Para Teles, as imagens de estragos e desalojados não podem ser tratadas apenas como episódios isolados. “Há limites físicos que não se podem ignorar: construir sem considerar rios, solos e inclinações é apostar na fragilidade”, diz a especialista, sublinhando que decisões rápidas e abrangentes são necessárias — inclusive sobre a eventual demolição de imóveis que se mostram perigosos.
O que precisa mudar na prática
A avaliação técnica aponta para ajustes concretos, que vão desde a escolha de materiais até reorganização dos modos de transporte. Entre as medidas mais indicadas estão:
- Materiais permeáveis em espaços públicos e áreas de estacionamento para reduzir escoamento superficial.
- Planeamento que incorpore retenção de águas e zonas de escoamento natural, em vez de apenas canalizações rígidas.
- Proteção e recuperação de leitos fluviais e encostas, respeitando o ecossistema local.
- Reforço da fiscalização e revisão de regimes de licenciamento, para evitar construções de baixo custo e baixa resistência.
- Investimento em transportes coletivos e em infraestruturas ferroviárias, com parques de interface e estações seguras e bem projetadas.
- Projetos elaborados por equipas multidisciplinares — engenheiros, arquitetos e especialistas ambientais — para aumentar a resiliência dos edifícios.
A especialista chama atenção para um problema recorrente: o crescente número de intervenções urbanísticas que escapam a processos de licenciamento formais tem incentivado soluções mais baratas e menos duradouras. O resultado é uma paisagem construída mais vulnerável quando a natureza demonstra maior intensidade.
Infraestruturas e mobilidade: ligação direta com saúde pública
Além das questões de solo e construção, Teles destaca a relação entre mobilidade e qualidade de vida.
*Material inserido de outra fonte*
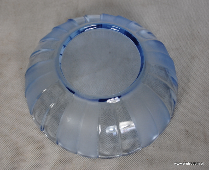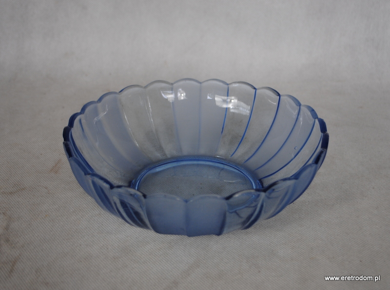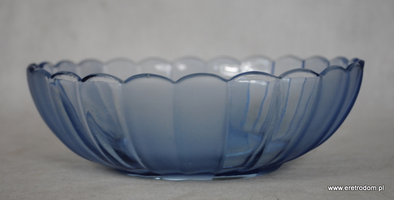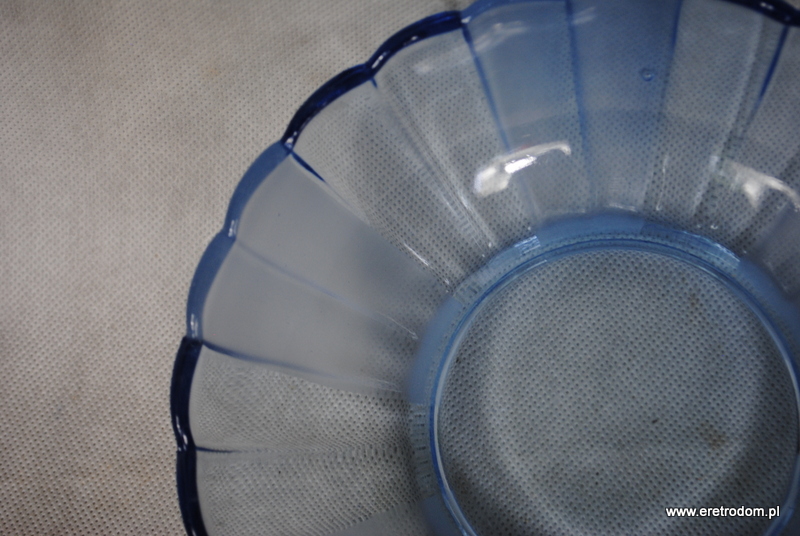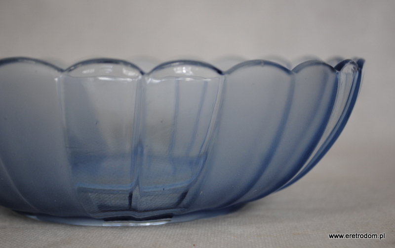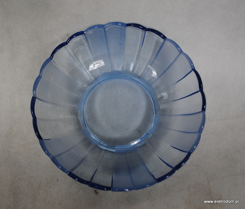 Salaterka czy też miska. Szkło prasowane, barwione w masie na błękitny kolor. Częściowo trawiona.
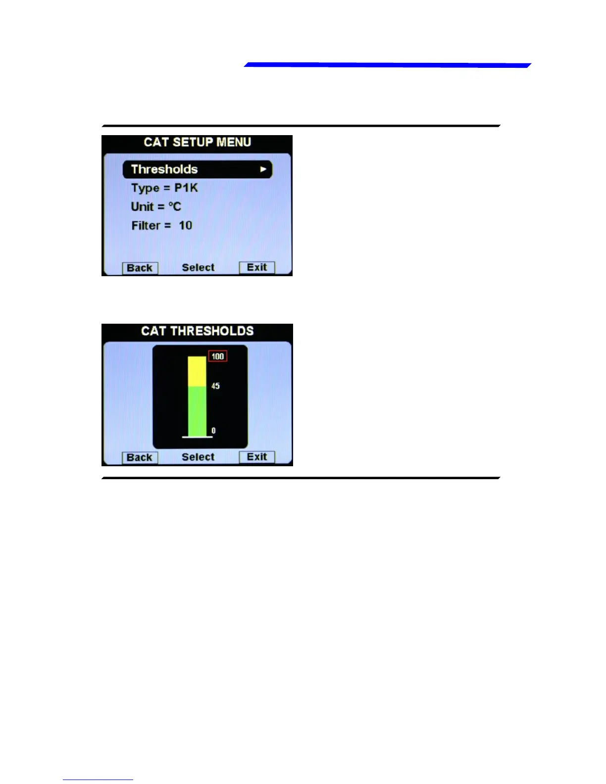 ● Unit: °C / °F: Set the unit of measure for the CAT temperature;
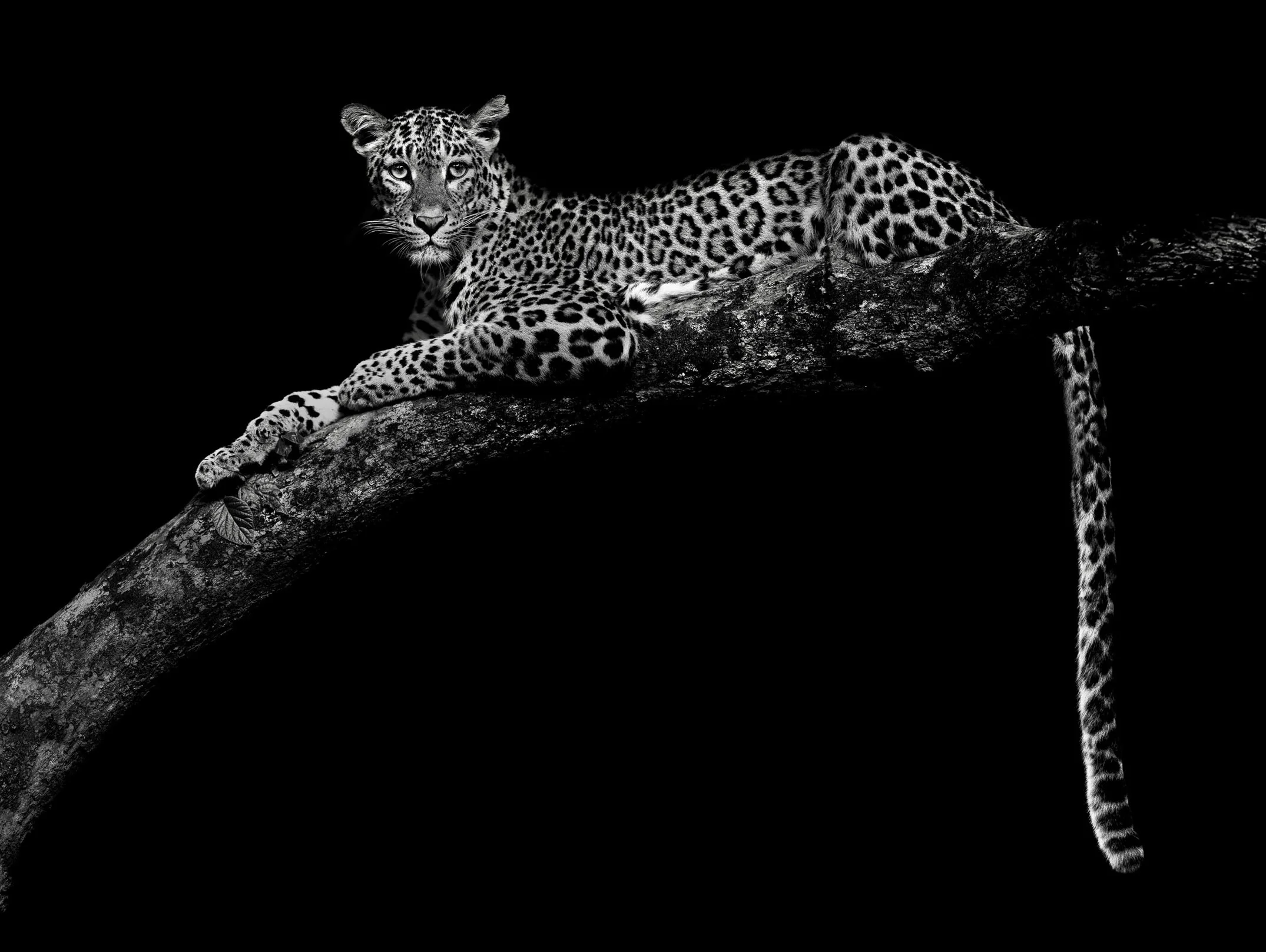 We had stopped the Jeep, waiting for a rustle in the thicket to reveal an elephant. For a full minute, our eyes were fixed on the road ahead—until I looked to the left. Just forty feet away, draped over a low branch, sat this leopardess. She had been watching us the entire time, her expression almost a challenge to our lack of observation. Unfazed by our presence, she remained perfectly still, allowing me the time to capture a 12-shot panorama. This technique preserves the staggering detail of her coat and the weight of her limbs against the wood, creating a portrait that feels as intimate as the encounter itself.
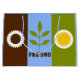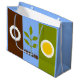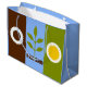 Bolsa de regalo grande con bandera de Fresno, California; bandera con tres bandas verticales de marrón, azul y verde, con ilustraciones estilizados de cog, planta y sol
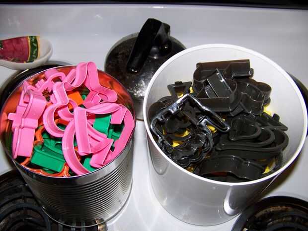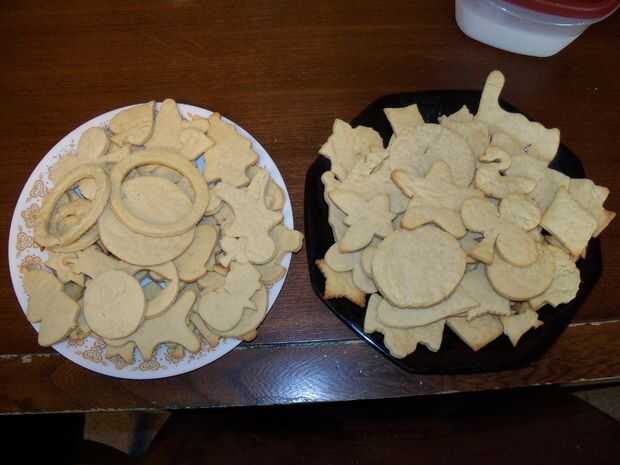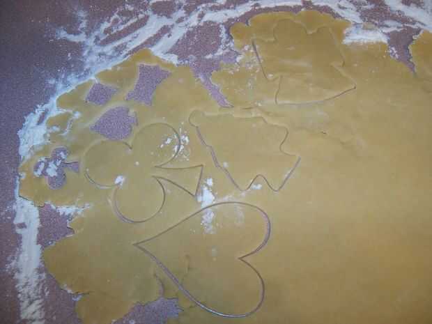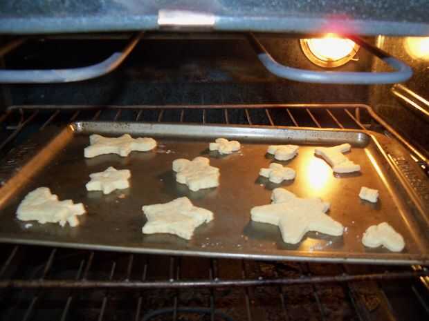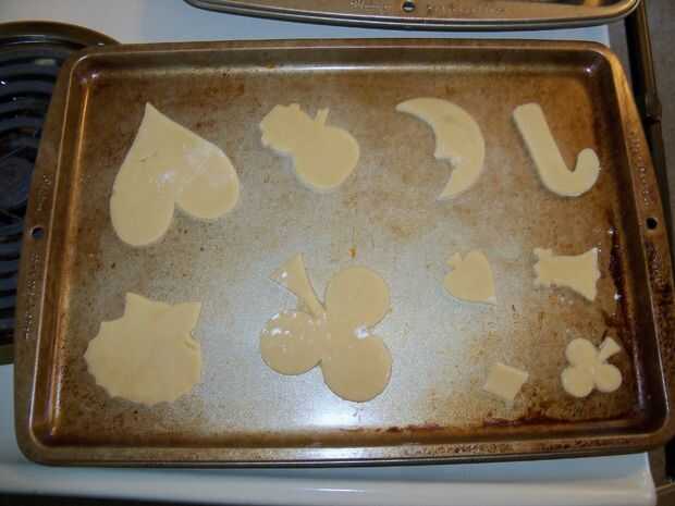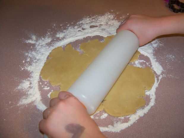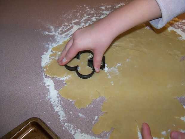 Una sección de tu contador de polvo con harina y estirar la masa a 1/8 a 3/16 pulgadas de espesor. Que sus niños aquí y cortar algunas galletas. Después de que has cortado como muchos como usted puede, puré hasta los restos, estirar otra vez y cortar algunas galletas más. Usted puede generalmente hacer esto tres o cuatro veces antes de que la masa ha metido demasiada harina mezclada. Aparte de los cortadores de la galleta, también me gusta tomar un par de vasos con diferentes aberturas de tamaño y hacer unas galletas redondas. Estos son buenos para pintar sólo lo que desea en lugar de sólo para colorear la forma.
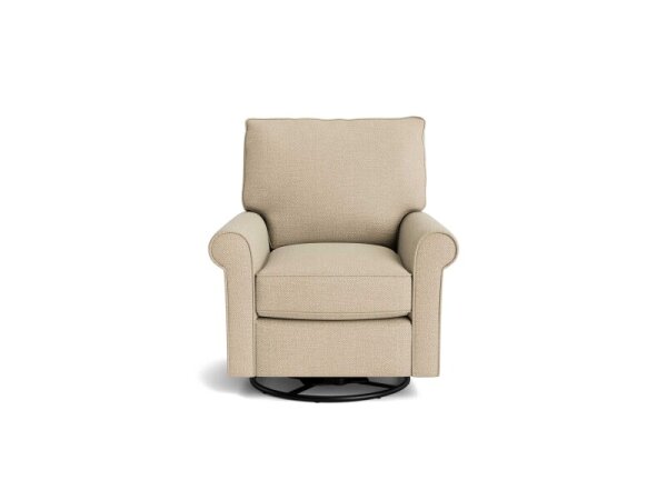 Transitional swivel glider chair with sock arms and box-border cushions over sinuous wire support for comfort and durability. 35 in. W x 38.5 in. D x 39.5 in. H.
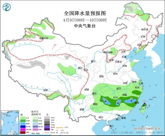 4月9日08時(shí)至10日08時(shí),內(nèi)蒙古東部、新疆南疆西部山區(qū)有小到中雪或雨夾雪,貴州東部、湖南中南部、江西中南部、浙江南部、福建、臺灣島中北部等地有中到大雨(25~45毫米)。內(nèi)蒙古中部和東部、陜西中北部、山西部分地區(qū)有4~6級風(fēng),陣風(fēng)7級。
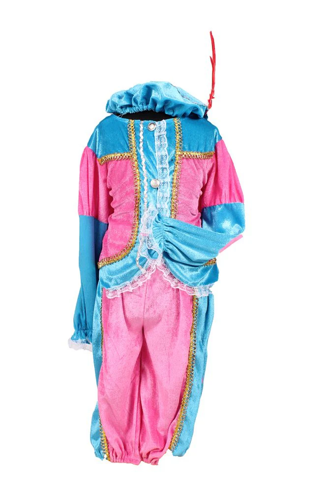 Een echt meisjes kinderpietenpakje in zacht blauw met roze hartjes op de mouw en op de broek. Het pakje is afgewerkt met fraaie goudband en kant. Het jasje sluit met knoopjes en in de broek en mouwen zit bij de boorden elastiek. Dit super leuke pakje is gemaakt voor meisjespieten en bestaat uit het jasje, broek en baret met een klein veertje. De meisjes pietenpruik met vlechtjes is een aanrader bij dit kostuumpje, evenals een leuke maillot en wat pietenschmink om het plaatje compleet te maken. Het pakje valt eerder klein dan groot, bij twijfel is de grootste het advies.
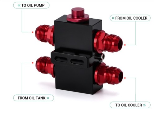 Podstawka pod filtr oleju z termostatem, pozwala na montaż chłodnicy oleju, dzięki termostatu unikniesz problemów z dogrzewaniem się oleju. Wykonana z najwyższej jakości aluminium na maszynie CNC co gwarantuje dokładność jej wykonania. Zapewnia optymalną temperaturę.

Cidades com maior nível de deslocamentos a pé tendem a apresentar melhores indicadores de saúde pública, observa ela, defendendo políticas que resgatem espaço urbano do automóvel e promovam modos de deslocação descarbonizados.
Para isso são necessárias estratégias amplas: planeamento de mobilidade integrado, políticas públicas de transporte coletivo robustas e intervenções rápidas que cruzem conhecimentos técnicos e ambientais. “Não faz sentido que cada área seja resolvida isoladamente; há que articular competências e agir com urgência”, afirma.
Agenda e articulação ibérica
Para provocar debate e partilha de práticas, a Rede de Cidades e Vilas que Caminham organiza a quarta edição do Congresso Nacional sobre mobilidade nos dias 26 e 27 de março, na Fundação Manuel António da Mota, no Porto. O encontro reunirá autoridades locais e nacionais e representantes de uma rede que já integra cerca de 50 cidades portuguesas e 150 espanholas.
O objetivo é discutir respostas políticas, trocas de experiência e soluções que coloquem o peão e o transporte coletivo no centro do planeamento urbano — numa abordagem que, segundo organizadores e especialistas, deve ganhar urgência face à maior frequência de eventos extremos.
As últimas tempestades servem, portanto, como alerta prático: sem alterações nos métodos de planeamento, materiais e na governação das obras, as cidades continuarão expostas. A aposta recomendada por técnicos passa por medidas imediatas e por uma visão integrada, que una clima, mobilidade, saúde pública e planeamento territorial.